What is needed is an exact copy of the lines in the entries below from the one holding "guiding post at" through the one holding "Cropped screenshot of", pictures excluded.

Exercise input>
+++

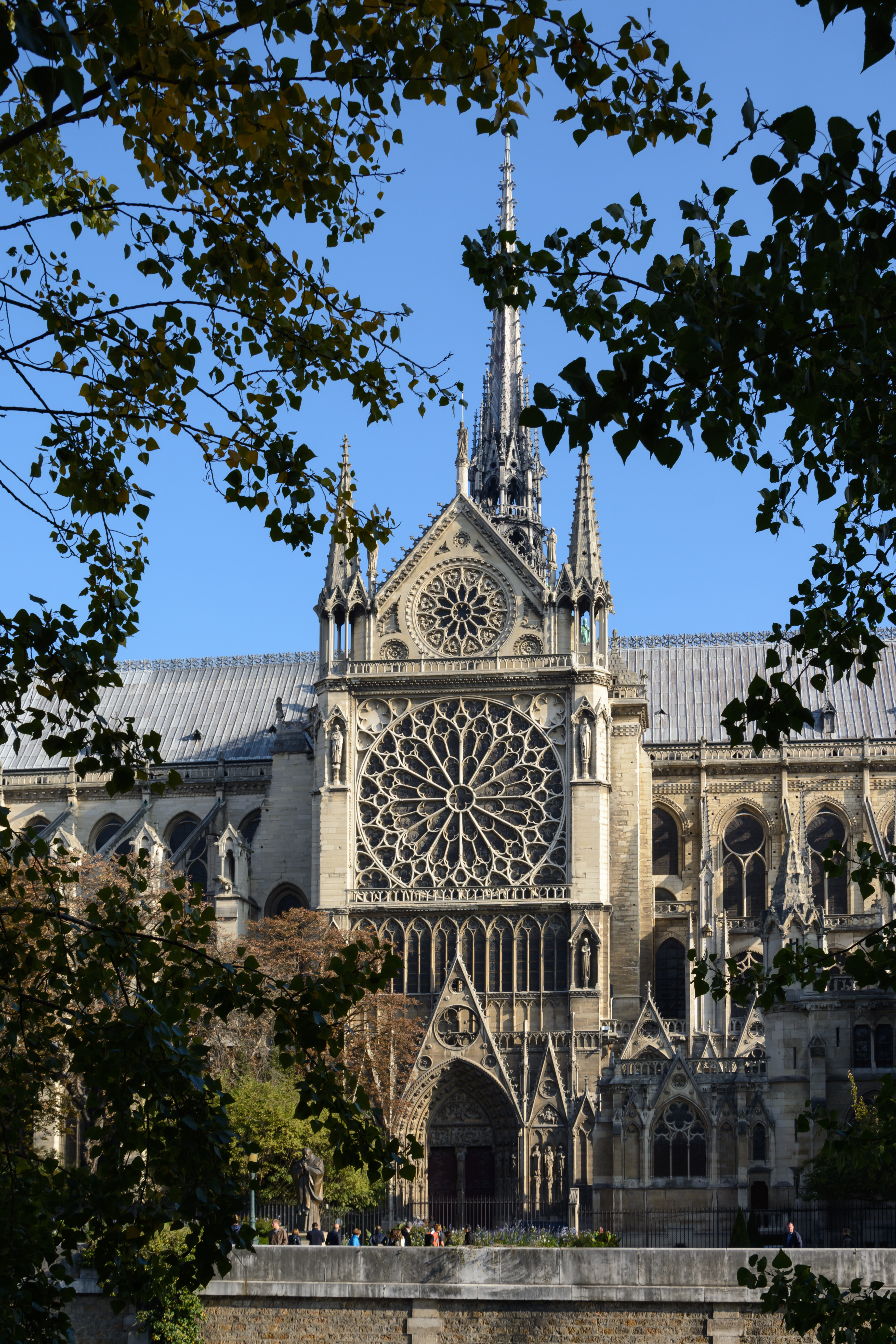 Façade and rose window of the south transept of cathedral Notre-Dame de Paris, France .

+++

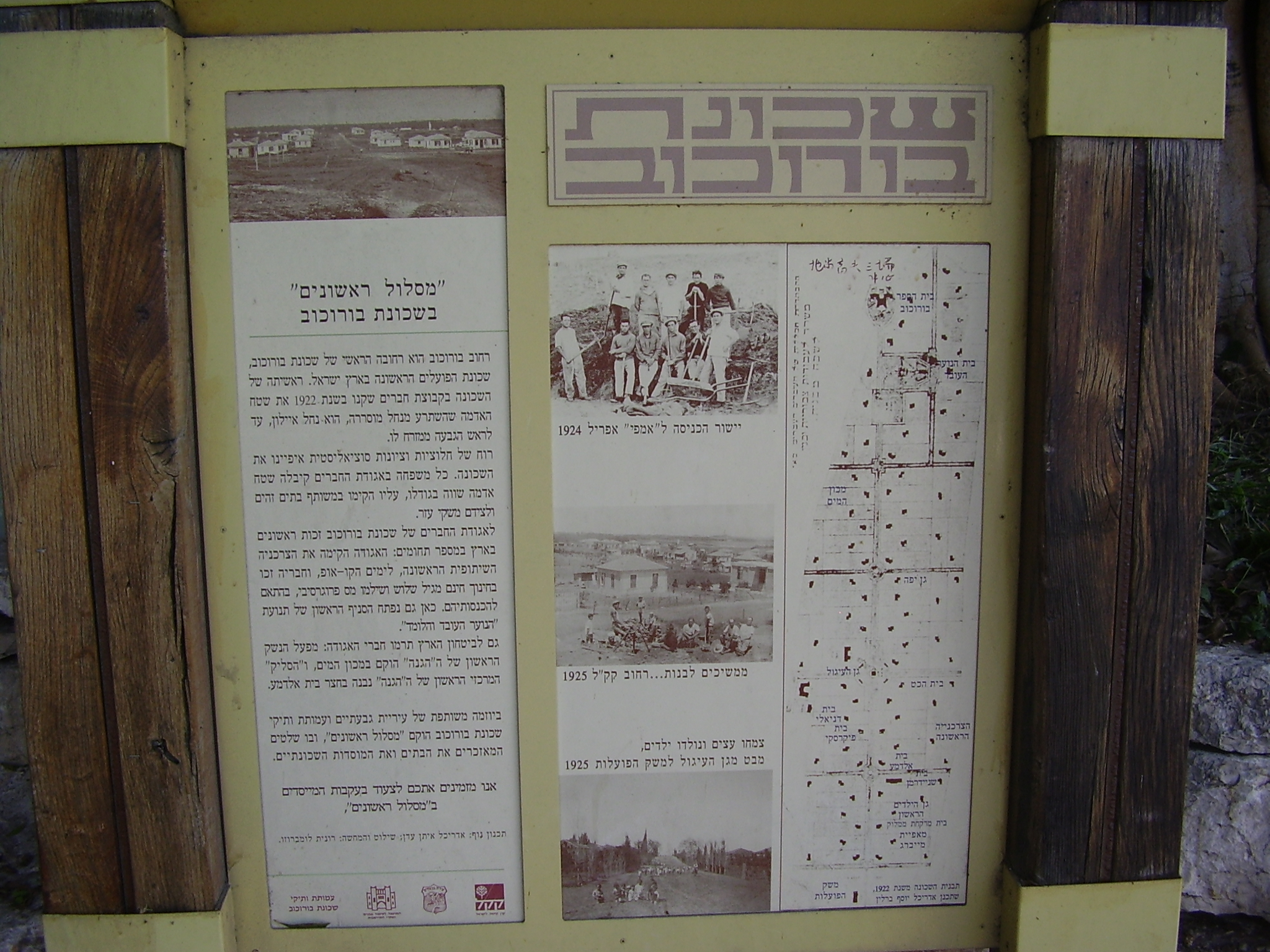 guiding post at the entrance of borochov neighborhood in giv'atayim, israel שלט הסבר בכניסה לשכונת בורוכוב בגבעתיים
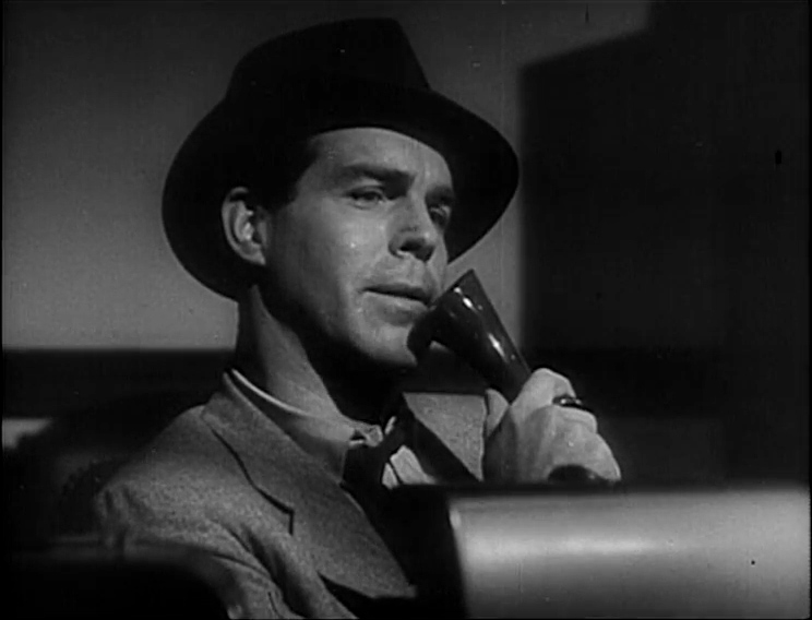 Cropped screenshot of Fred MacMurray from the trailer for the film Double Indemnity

+++

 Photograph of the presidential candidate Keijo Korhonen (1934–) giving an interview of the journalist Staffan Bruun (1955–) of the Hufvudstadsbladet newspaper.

+++

Solution to this problem>
 guiding post at the entrance of borochov neighborhood in giv'atayim, israel שלט הסבר בכניסה לשכונת בורוכוב בגבעתיים
 Cropped screenshot of Fred MacMurray from the trailer for the film Double Indemnity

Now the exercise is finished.